__About this task__
An exact reprint of the listing is required, with no pictures included.

__Data provided__
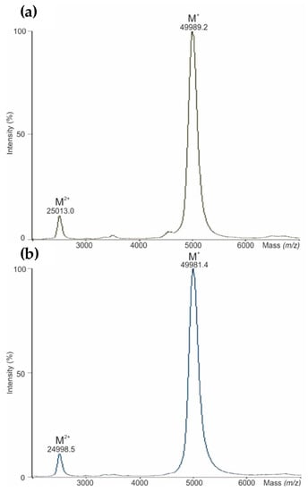 (a) Matrix-assisted laser desorption ionization time of flight mass spectrometry (MALDI-TOF-MS) analysis of intact mass for NovoSeven®, and (b) for AryoSeven™.
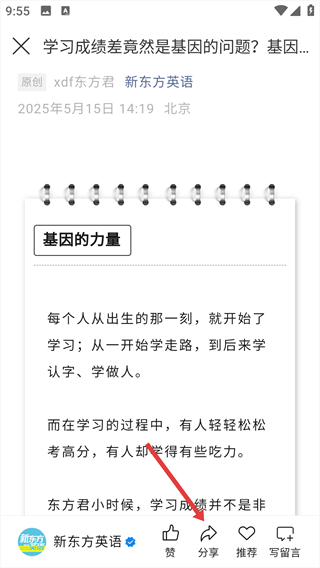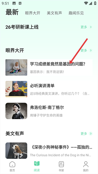 2、在閱讀頁面,選擇目標文章,進入該文章詳情頁。
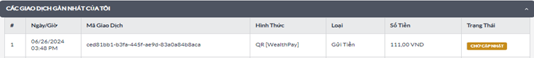 Số tiền sẽ được ghi có và hiển thị trên "CÁC GIAO DỊCH GẦN NHẤT CỦA TÔI".
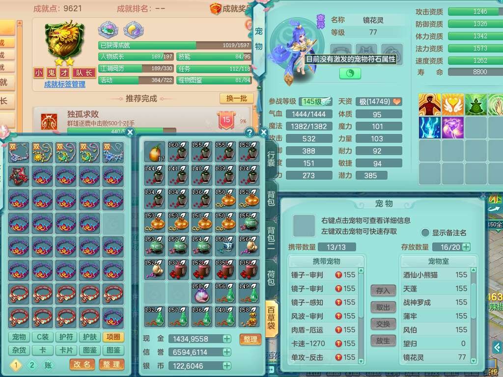 A22259超凡入圣159男天宫,精灵怒,1内胆神,4只觉醒。4宠皮+2幻灵果,2特殊(号角,上善),3只6技能镜花灵,易成长封印精通单加头,三红易成长奇珍崩山衣服,神佑单加链子,易成长破血单加腰带,易成长单加51鞋子,266易成长单加链子,5.0基础鼎,3个纯六字,2个5字,13只满果子,背包39仙兽蛋,2个染色坐骑,带百万银币。
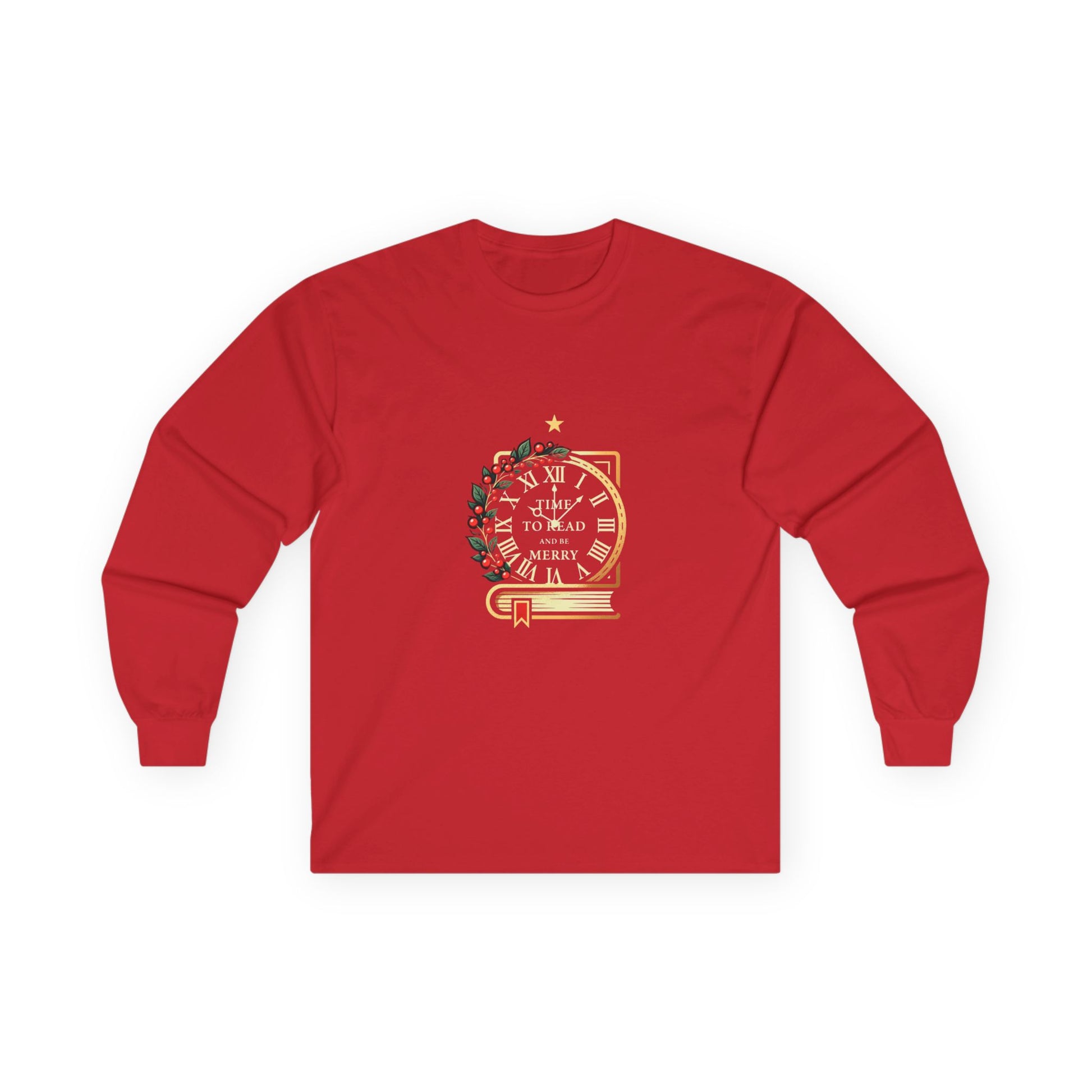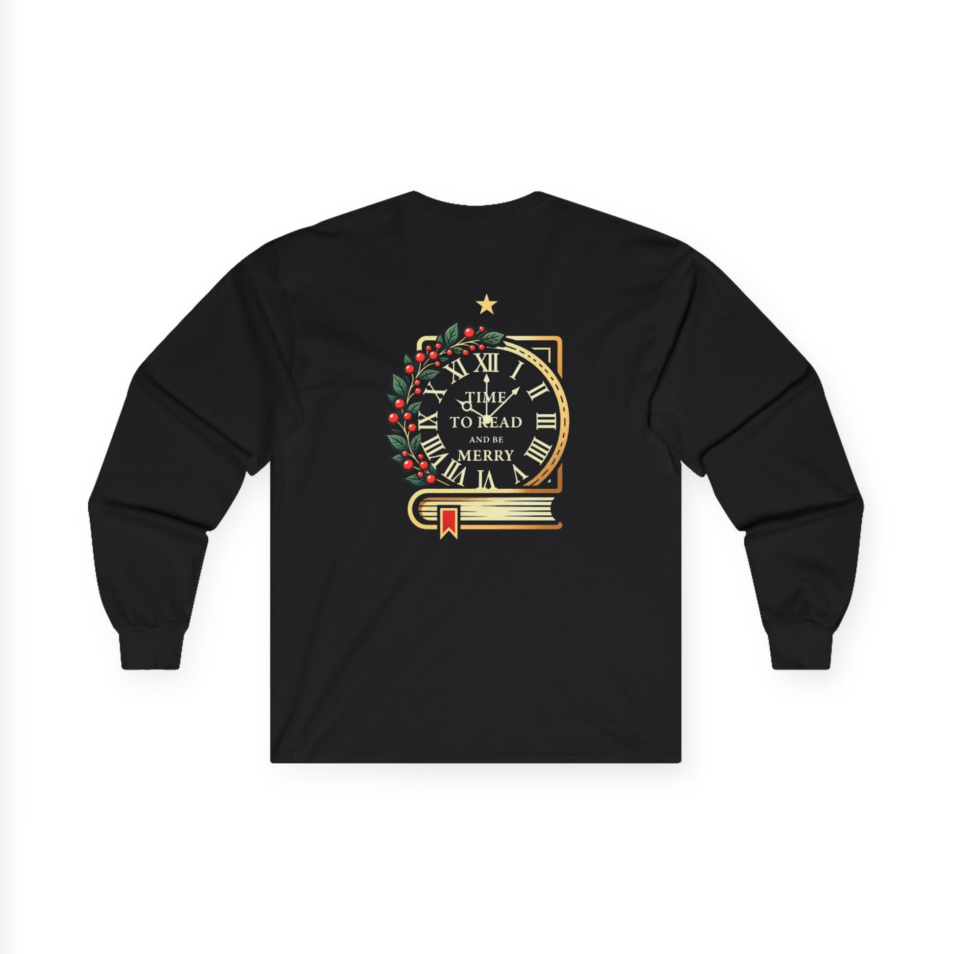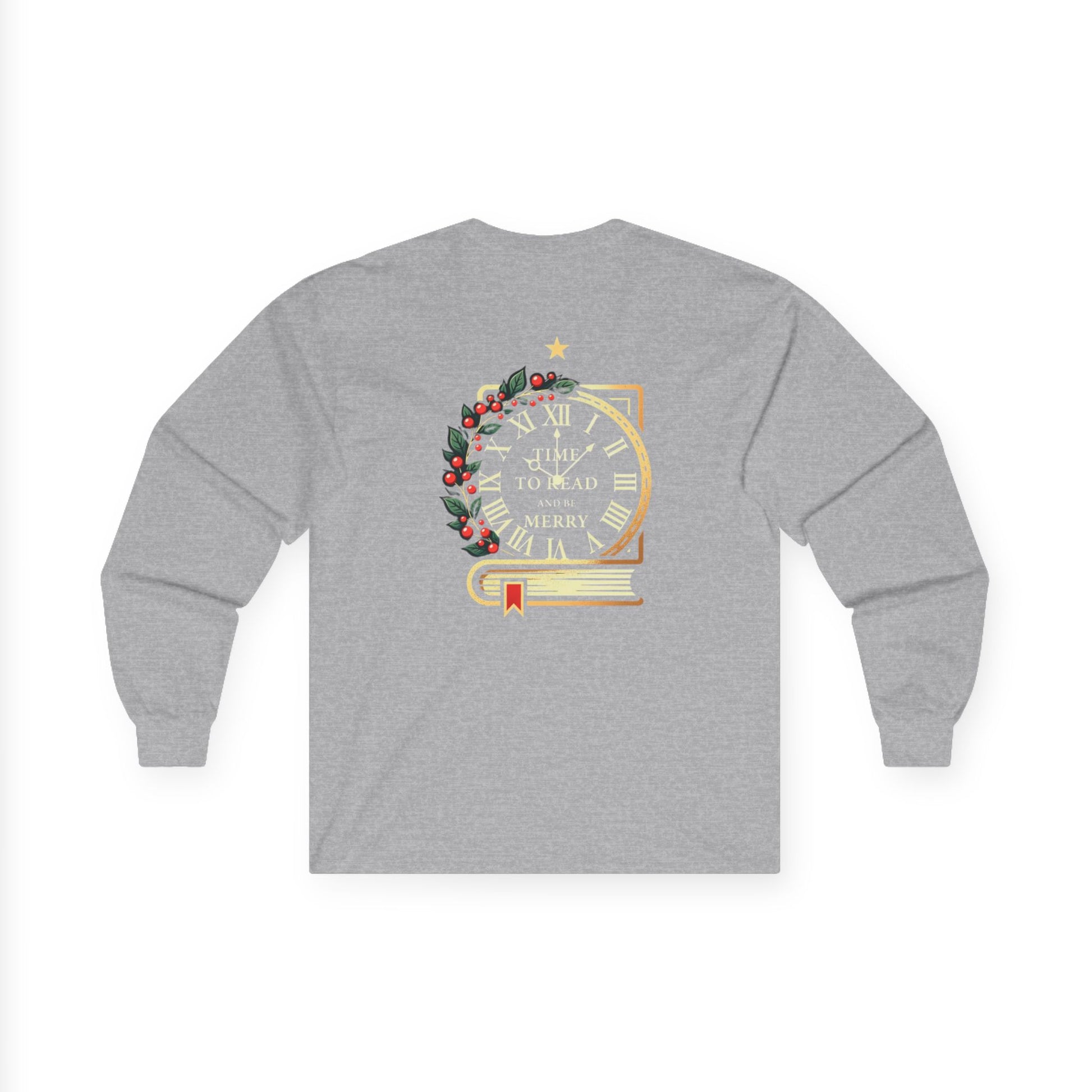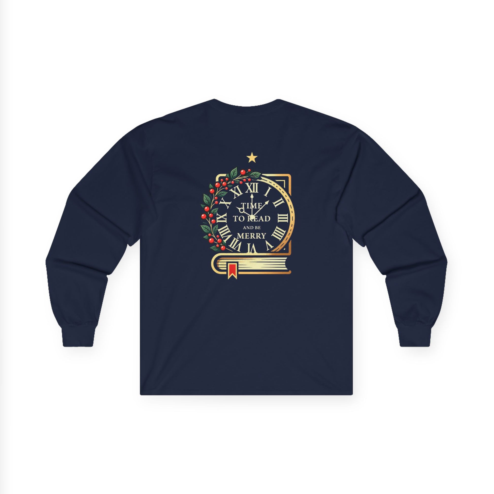 Christmas Clock & Wreath Long Sleeve Tee — "Time to Read Merry" Holiday Shirt

__Response to this task__
 (a) Matrix-assisted laser desorption ionization time of flight mass spectrometry (MALDI-TOF-MS) analysis of intact mass for NovoSeven®, and (b) for AryoSeven™.
 2、在閱讀頁面,選擇目標文章,進入該文章詳情頁。
 Số tiền sẽ được ghi có và hiển thị trên "CÁC GIAO DỊCH GẦN NHẤT CỦA TÔI".
 A22259超凡入圣159男天宫,精灵怒,1内胆神,4只觉醒。4宠皮+2幻灵果,2特殊(号角,上善),3只6技能镜花灵,易成长封印精通单加头,三红易成长奇珍崩山衣服,神佑单加链子,易成长破血单加腰带,易成长单加51鞋子,266易成长单加链子,5.0基础鼎,3个纯六字,2个5字,13只满果子,背包39仙兽蛋,2个染色坐骑,带百万银币。
 Christmas Clock & Wreath Long Sleeve Tee — "Time to Read Merry" Holiday Shirt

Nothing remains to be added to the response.